# Exercise aim
Your copy of the data should leave out the images and match everything else exactly.

# Source data
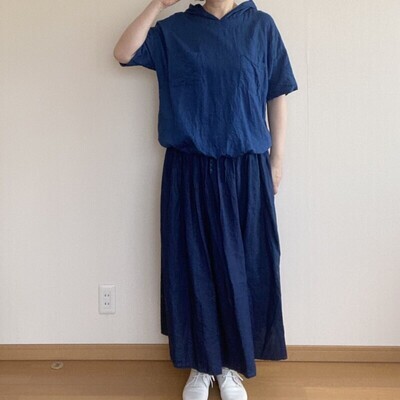 バストや肩回りはゆったりサイズですが、裾は好きな分量に絞ってメリハリを。
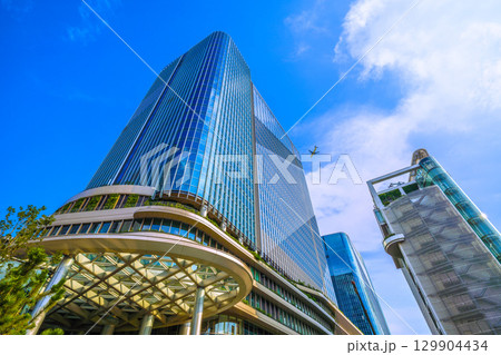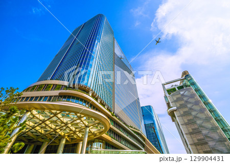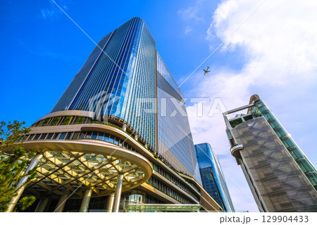 日本の東京都市景観 珍景航空機通過…猛烈な暑さ、発達した雲が高輪ゲートウェイシティ上空に=8月21日
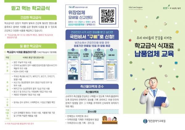 대전교육청, 학교급식 식재료 납품업체 교육 리플릿 배부

# Problem solution
 バストや肩回りはゆったりサイズですが、裾は好きな分量に絞ってメリハリを。
 日本の東京都市景観 珍景航空機通過…猛烈な暑さ、発達した雲が高輪ゲートウェイシティ上空に=8月21日
 대전교육청, 학교급식 식재료 납품업체 교육 리플릿 배부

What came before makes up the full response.